The pin emphasizes the storm in both design (bamboo leaves scattering in the wind) and name: 风雨同守, loosely enduring the tempest together. As for why the image has been transposed onto a tattered scroll, the pin maker said the inspiration came from rubbings/拓印 and elaborated some more:
Personally, I think of this as an excavated artwork (with the surface damaged in its old age) that was created out of Jingyan’s longing. As if Jingsu actually existed in history and will live on for a long, long time. 我自己把这个当做是一件出土的画作(年岁久远画面有所破损),是景琰怀念所做。就好像历史上真有他们的存在,靖苏真的来日方长。
Historically, rubbings not only create an impression of existing artwork but are themselves artworks that take skill and patience.
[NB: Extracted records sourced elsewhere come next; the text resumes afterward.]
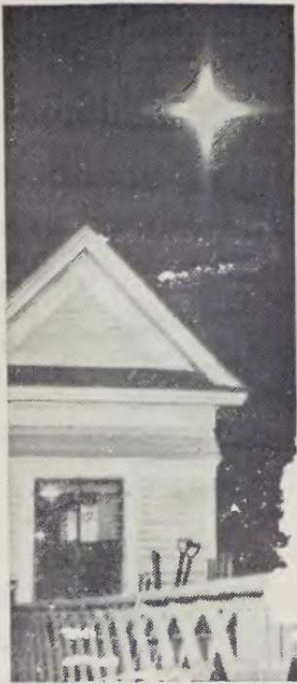
CITY DESK of the Milwaukee Sentinel receives a flood of calls when the low-hanging, bright moon looked like this
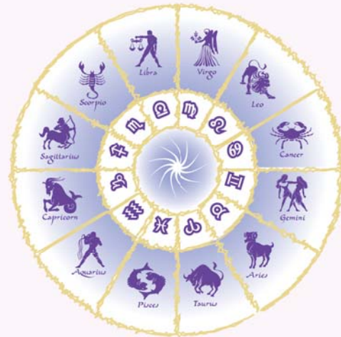
9 (star) sign [saɪn] (n.) 星座
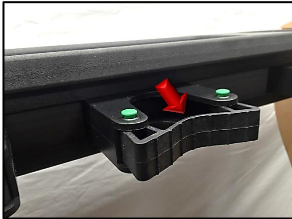
Step 5. Neck grip in "open position." Pull grip open prior to placing guitar neck into grip.
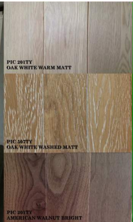
PIC 201TY OAK WHITE WARM MATT
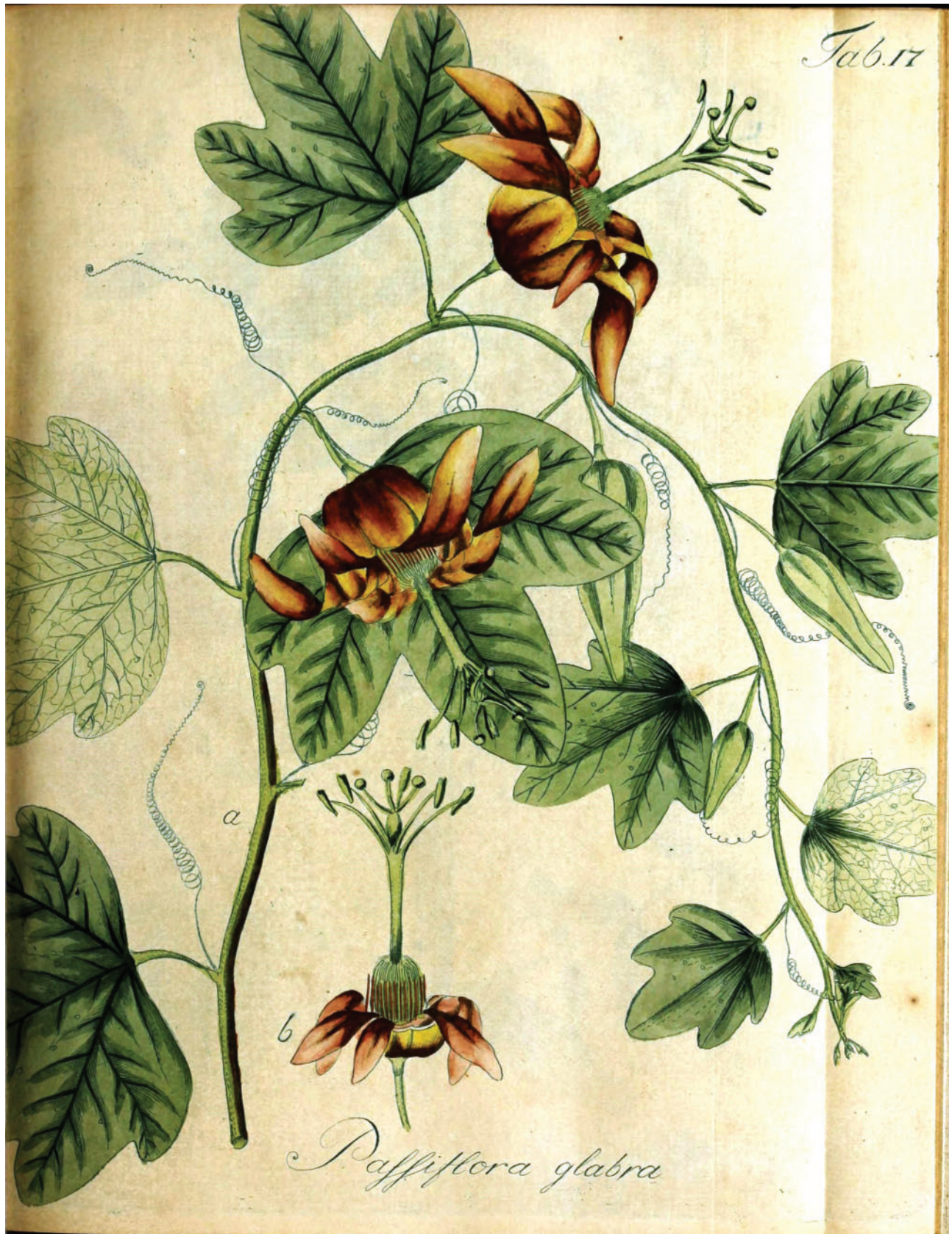
Fig. 14. Lectotype of Passiflora glabra , in J.C.Wendland, Collectio Plantarum 1: tab. 17 (1805).
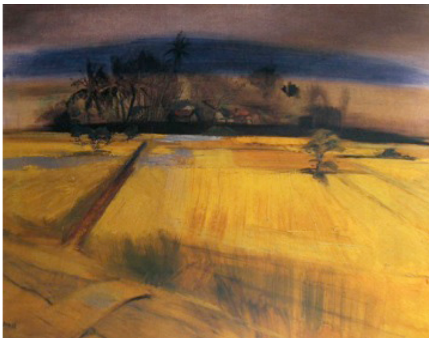
Photo 10 Yeoh, Jinleng, Ricefields (1963). Oil. 84.5 × 104.5 cm. National Visual Art Gallery, Kuala Lumpur.
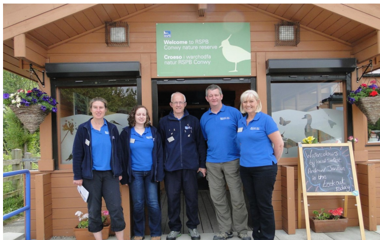
RSPB Conwy Visitor Centre - Wikipedia

The North Wales Coast has some fantastic birding sites, such as Llanfairfechan, NWWT The Spinnies and RSPB Conwy. If there is time, and the weather and light are favourable, we will also have short stops at Rhos-on-Sea and Kimmel Dunes LNR.
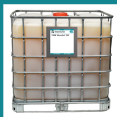
270-gallon tote SKU: MS555-270G UPC-12: 641238004295
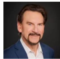
Frank Adashun Jones, Inc.
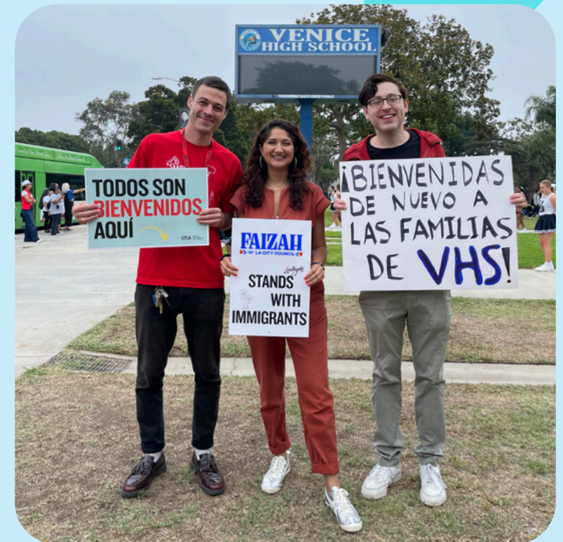
Welcoming immigrant students and families to Venice High School
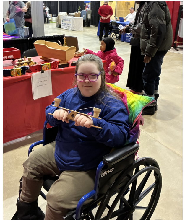
A happy new flip toy owner!

The typical process starts with adhering paper to a stone carving, then ink is dabbed to the paper such that the flat surface takes on the color of the ink while carved areas remain white (here’s a process video). Collecting rubbings was a popular pastime of the literati, and rubbings of good calligraphy were especially in demand for study and appreciation, serving a similar purpose to block printing in allowing many people to see replicas of an original. The originals may have also come from a non-stone medium: some artworks originally on paper or fabric were replicated onto stone so that rubbings could be made and collected [x]. Nowadays, ancient rubbings are valuable artifacts, especially in cases where the carving has been lost.
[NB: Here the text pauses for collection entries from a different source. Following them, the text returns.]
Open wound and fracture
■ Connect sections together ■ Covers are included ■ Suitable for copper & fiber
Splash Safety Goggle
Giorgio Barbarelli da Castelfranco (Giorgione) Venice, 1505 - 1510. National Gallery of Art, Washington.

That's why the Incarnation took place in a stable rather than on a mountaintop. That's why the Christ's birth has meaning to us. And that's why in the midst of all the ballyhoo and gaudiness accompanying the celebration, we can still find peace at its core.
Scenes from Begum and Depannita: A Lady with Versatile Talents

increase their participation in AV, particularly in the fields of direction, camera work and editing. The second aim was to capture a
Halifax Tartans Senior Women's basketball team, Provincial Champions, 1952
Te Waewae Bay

The rubbing influence is very clear in the second version of the pin, here juxtaposed against one of its inspirations:
Though the text on the right rubbing says it’s from the Tianping Era of Eastern Wei, Year 2/魏天平二年 (535 CE), which is contemporaneous with the Liang dynasty that loosely inspired the fictional NiF Liang, I couldn’t find an actual historical artwork corresponding to this rubbing, and the mass antique market is flooded with fabrications (it’s also thoroughly possible I simply failed to find the original). But here’s a real fragment of a stone Buddhist votive tablet and its rubbing that’s now at the Art Museum of the Chinese University of Hong Kong [x]:
The text says that this was made in Tianping Era, Year 3, one year after the one above, and describes the building of a Buddhist pagoda in offering, which was a common practice at the time. This monochromatic rubbing style was also quite typical; though both black ink and red ink (cinnabar-based) rubbings existed separately, they were not really seen in combination in a single rubbing until much later. What is believed to be the only surviving book of bicolor rubbings before the modern era was made in the Qing dynasty around the 1800s and was itself a copy of a lost multicolor work from the same dynasty [x].
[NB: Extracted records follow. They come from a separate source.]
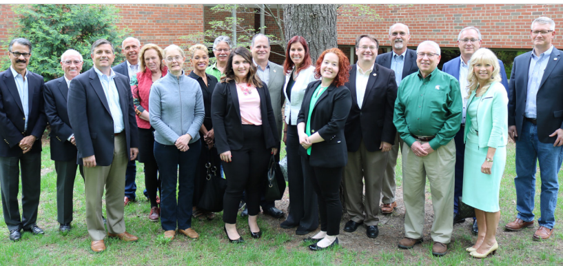
One of Michigan State University's industrial advisory boards.

In addition to the IAC and the professional societies, ABET engages with industry through several other channels. Industry experts make up a significant portion of the pool for Program Evaluators and Team Chairs, the ABET volunteers who lead program accreditation visits. Central to ABET's Continuous Quality Improvement (CQI) process is a requirement that programs solicit feedback from the program's various constituencies, which include local employers through Industry Advisory Boards (IAB). Industry leaders are also members of ABET governance, having seats on the Board of Directors and Board of Delegates.
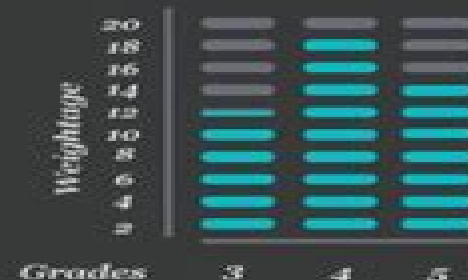
Number and Operations – Fractions (NF)
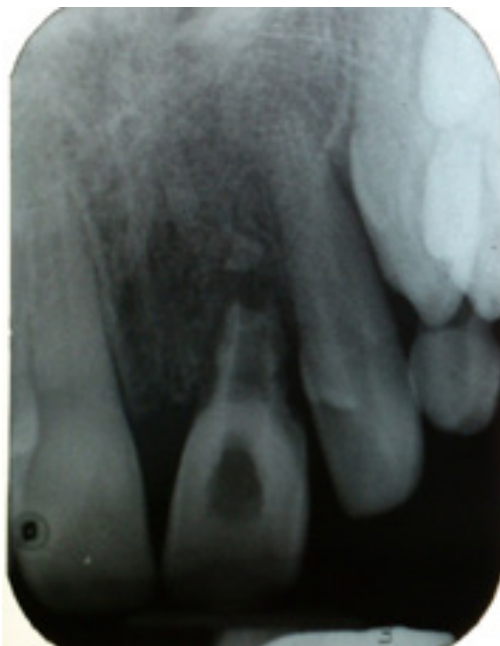
Figure 5. 2-year follow-up radiograph

In closed apex teeth, prophylactic endodontic therapy should be undertaken within 7-10 days after replantation [8]. However, for teeth with wide open apex, careful observation is recommended as there is a chance for revascularization. If any signs of necrosis such as root resorption are diagnosed, root canal therapy should be per-

In this context of transference of art and meaning between mediums, it’s all too easy to imagine a backstory for this Jingsu scroll: first there was a stone carving, close enough to the actual scene that the artist must have worked from Jingyan’s memory of that day. Instead of the more common approach of carving the outline or the background, the artist decided to carve the foreground so the figures were sunken into the stone. And later, a rubbing was made and mounted onto a scroll, buried and excavated, then finally rendered from fiction to reality in the form of an enamel pin. Each creation is an act of remembering and reinventing, of placing yourself in the observer’s shoes, of stoking the flames of the original story—the fire burns on through metaphorical wood replaced over the centuries, its appearance ever-changing, its core not forgotten.
That’s enough of reading too much into things—I also like the pin on its own. One thing that 长风万里 does well is not just sell pins but also communicate the entire behind-the-scenes process with the QQ group, which is several months’ worth of iterations that I find at least as interesting as the final product. For this pin, you can trace through chat logs how the pin evolved all the way from the original concept sketch to the pieces of metal that fit in your hand (thanks to 长风万里 for letting me share the draft versions here):
Once the pin maker comes up with an idea and decides to go for it, the initial sketch is given to the commissioned artist (this pin was drawn by Forwrite, on weibo and lofter) along with reference images. The artist turns these into a line drawing following the design rules of enamel pins (each block of solid color should be fully enclosed by lines, for example). Some artists will color in the line art while other pin creators commission only the line art and fill in the colors themselves. The final colors are limited to the available palette at the factory chosen to make the pins, and once the color vector art is handed to the pin factory along with instructions on detailing and finishes, the physical manufacturing process begins in earnest (this could be the subject of its own long post).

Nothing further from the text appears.